• WHAT TO DO:
Starting at the line that contains "É o caso da" and stopping at the line that contains "板块布局清晰明了,健康、新闻", restate each line of the records below exactly. Omit the pictures.

• EXTRACTED MATERIAL:
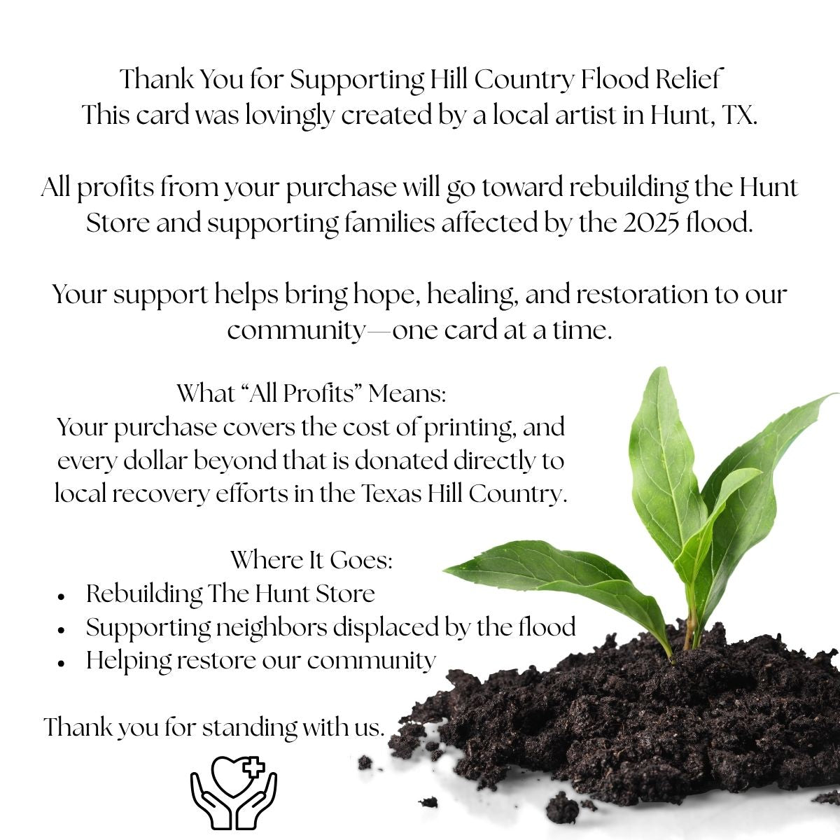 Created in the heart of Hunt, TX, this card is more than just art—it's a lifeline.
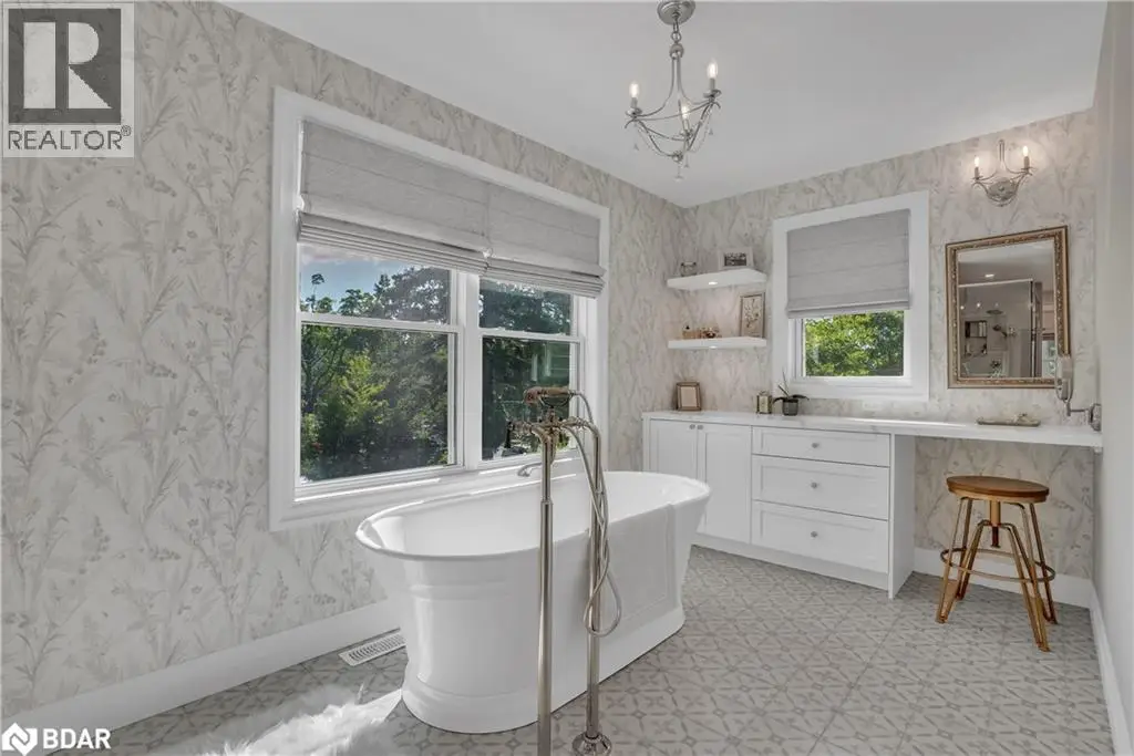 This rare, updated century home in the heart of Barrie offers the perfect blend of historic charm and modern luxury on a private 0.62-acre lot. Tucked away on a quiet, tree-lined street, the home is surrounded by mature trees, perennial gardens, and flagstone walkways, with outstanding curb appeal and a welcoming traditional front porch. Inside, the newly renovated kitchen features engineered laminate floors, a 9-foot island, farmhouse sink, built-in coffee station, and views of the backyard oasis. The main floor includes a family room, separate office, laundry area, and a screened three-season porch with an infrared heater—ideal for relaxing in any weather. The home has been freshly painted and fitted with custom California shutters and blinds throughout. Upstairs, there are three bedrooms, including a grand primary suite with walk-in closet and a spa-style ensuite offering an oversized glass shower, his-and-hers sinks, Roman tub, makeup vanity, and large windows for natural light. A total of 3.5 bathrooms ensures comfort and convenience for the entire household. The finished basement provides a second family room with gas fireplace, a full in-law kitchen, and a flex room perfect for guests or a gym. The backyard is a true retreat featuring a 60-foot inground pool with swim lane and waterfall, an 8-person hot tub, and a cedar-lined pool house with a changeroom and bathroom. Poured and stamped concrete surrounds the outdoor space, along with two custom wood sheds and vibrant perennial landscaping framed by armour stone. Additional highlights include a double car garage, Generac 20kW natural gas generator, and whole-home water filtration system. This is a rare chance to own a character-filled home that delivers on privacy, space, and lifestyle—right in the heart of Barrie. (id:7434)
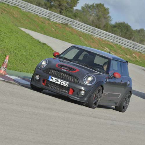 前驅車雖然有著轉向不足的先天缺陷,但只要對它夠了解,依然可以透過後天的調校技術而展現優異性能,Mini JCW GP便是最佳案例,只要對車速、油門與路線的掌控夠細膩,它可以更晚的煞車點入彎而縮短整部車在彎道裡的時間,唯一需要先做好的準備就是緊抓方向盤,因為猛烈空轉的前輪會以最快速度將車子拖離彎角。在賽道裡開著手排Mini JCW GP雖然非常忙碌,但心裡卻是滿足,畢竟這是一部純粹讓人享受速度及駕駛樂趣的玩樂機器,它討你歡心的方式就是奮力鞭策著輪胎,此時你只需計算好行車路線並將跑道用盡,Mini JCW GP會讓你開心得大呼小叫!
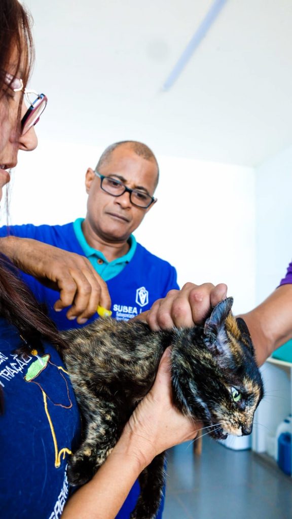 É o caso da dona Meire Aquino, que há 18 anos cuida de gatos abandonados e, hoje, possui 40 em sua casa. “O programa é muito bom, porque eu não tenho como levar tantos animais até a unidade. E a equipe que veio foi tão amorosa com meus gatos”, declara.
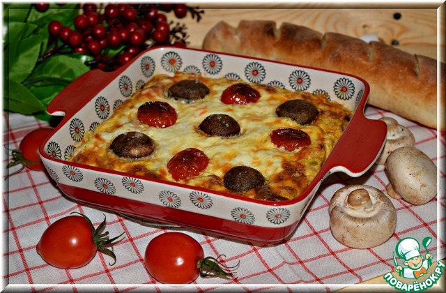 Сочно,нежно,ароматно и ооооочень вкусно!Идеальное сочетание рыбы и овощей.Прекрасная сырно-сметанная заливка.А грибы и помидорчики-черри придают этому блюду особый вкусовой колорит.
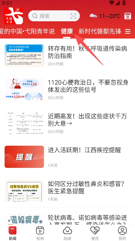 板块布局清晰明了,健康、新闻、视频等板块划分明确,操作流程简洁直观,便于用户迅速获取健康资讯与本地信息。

* * *

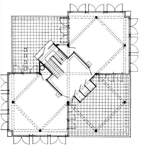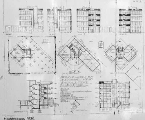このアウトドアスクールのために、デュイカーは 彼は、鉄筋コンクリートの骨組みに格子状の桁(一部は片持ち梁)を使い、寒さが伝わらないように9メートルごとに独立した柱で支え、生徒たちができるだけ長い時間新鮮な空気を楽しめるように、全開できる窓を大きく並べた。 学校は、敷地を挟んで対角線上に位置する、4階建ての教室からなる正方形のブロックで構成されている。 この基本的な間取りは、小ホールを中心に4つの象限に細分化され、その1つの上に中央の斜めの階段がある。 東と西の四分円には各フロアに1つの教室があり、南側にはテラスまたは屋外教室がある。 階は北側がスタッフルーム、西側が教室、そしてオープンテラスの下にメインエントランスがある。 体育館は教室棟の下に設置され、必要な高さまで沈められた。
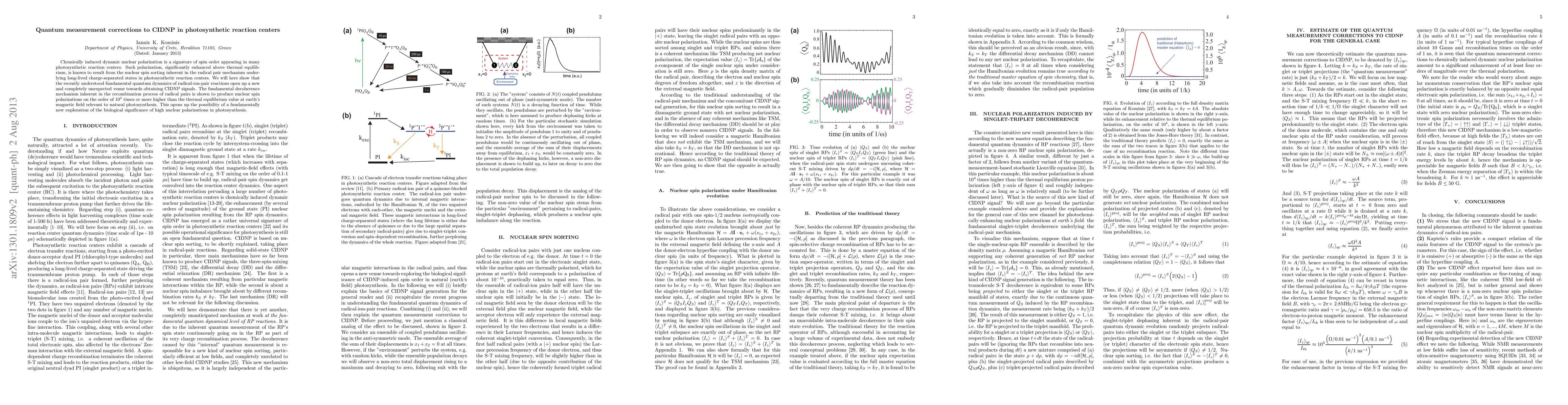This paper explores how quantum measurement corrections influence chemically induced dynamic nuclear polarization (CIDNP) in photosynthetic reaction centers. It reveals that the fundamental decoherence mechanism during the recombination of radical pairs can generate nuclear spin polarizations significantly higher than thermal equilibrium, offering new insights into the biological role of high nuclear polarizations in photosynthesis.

---

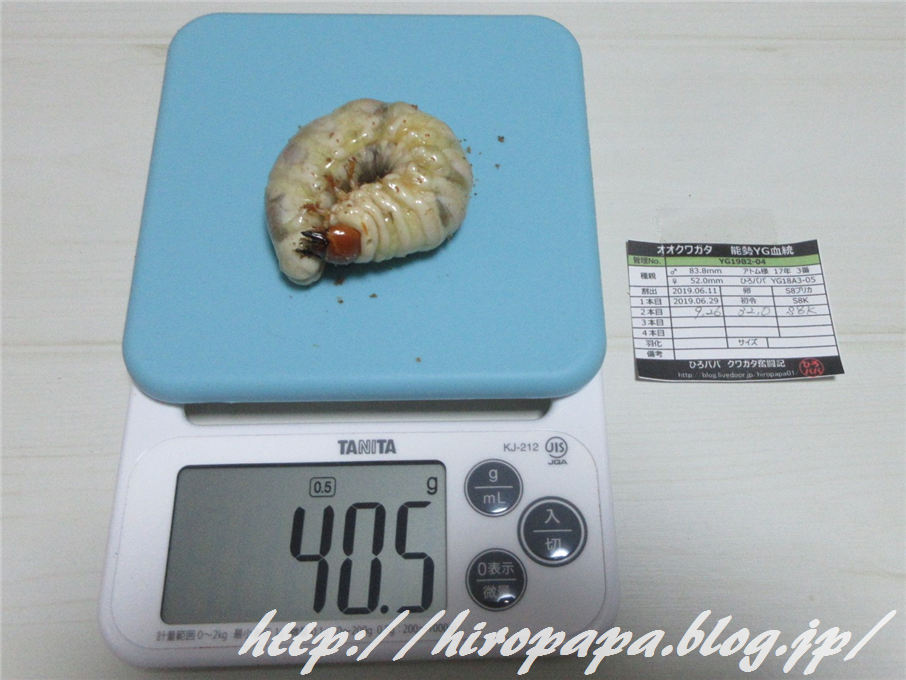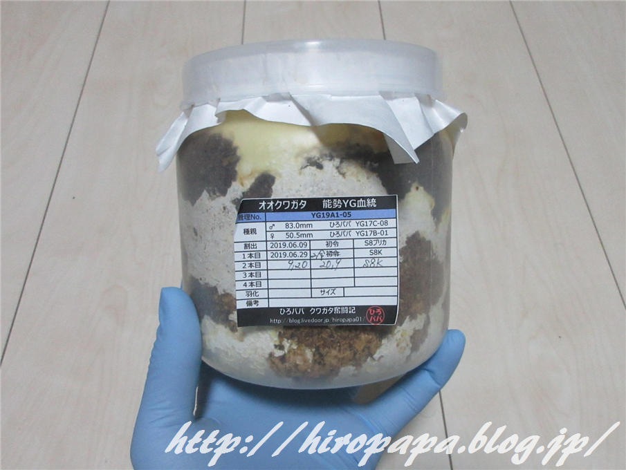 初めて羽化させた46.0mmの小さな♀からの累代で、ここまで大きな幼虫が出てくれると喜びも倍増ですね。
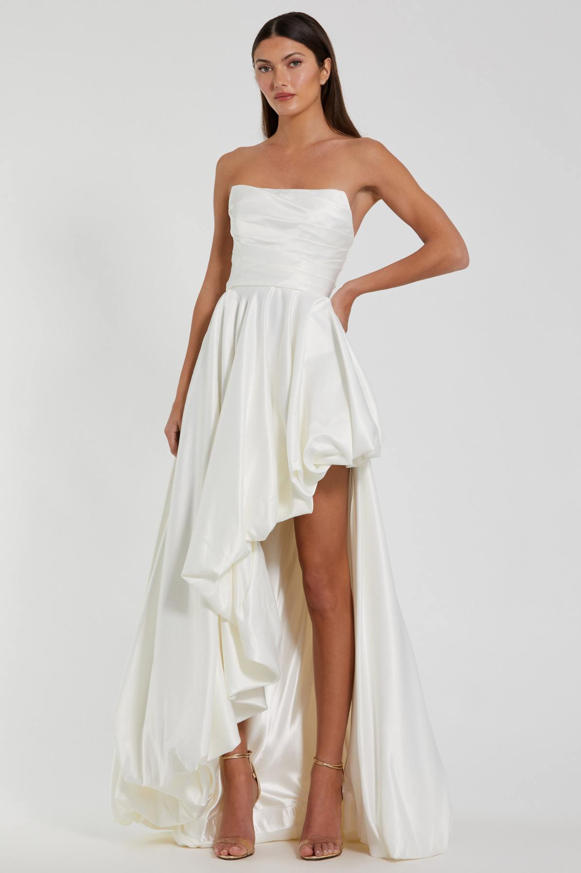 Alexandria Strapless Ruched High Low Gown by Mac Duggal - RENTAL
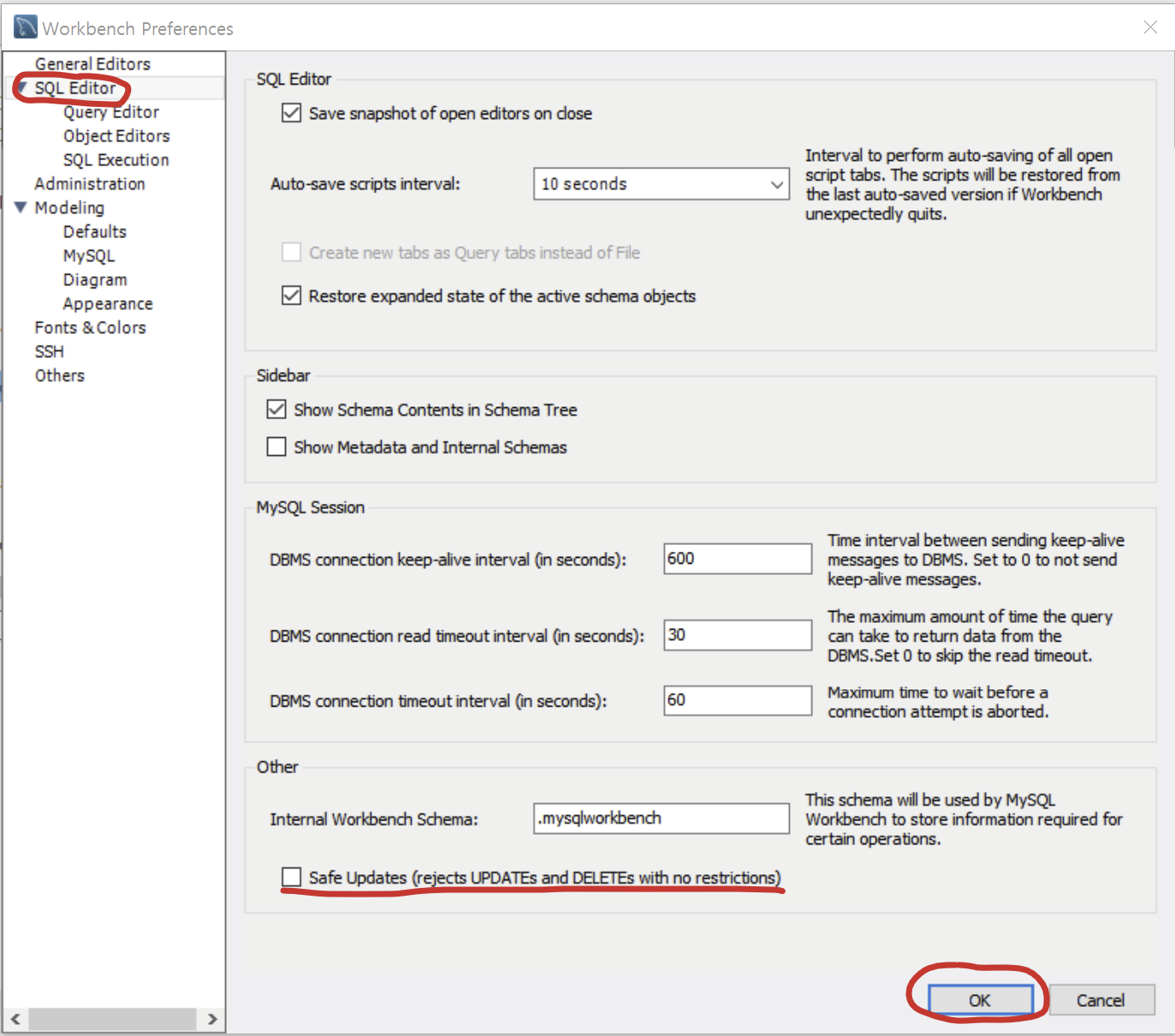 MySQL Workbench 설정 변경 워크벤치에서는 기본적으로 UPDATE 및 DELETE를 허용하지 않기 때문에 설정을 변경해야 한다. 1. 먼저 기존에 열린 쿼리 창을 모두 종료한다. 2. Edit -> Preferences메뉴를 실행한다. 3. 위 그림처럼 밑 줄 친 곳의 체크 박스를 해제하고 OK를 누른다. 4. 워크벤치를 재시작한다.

• OUTPUT:
 É o caso da dona Meire Aquino, que há 18 anos cuida de gatos abandonados e, hoje, possui 40 em sua casa. “O programa é muito bom, porque eu não tenho como levar tantos animais até a unidade. E a equipe que veio foi tão amorosa com meus gatos”, declara.
 Сочно,нежно,ароматно и ооооочень вкусно!Идеальное сочетание рыбы и овощей.Прекрасная сырно-сметанная заливка.А грибы и помидорчики-черри придают этому блюду особый вкусовой колорит.
 板块布局清晰明了,健康、新闻、视频等板块划分明确,操作流程简洁直观,便于用户迅速获取健康资讯与本地信息。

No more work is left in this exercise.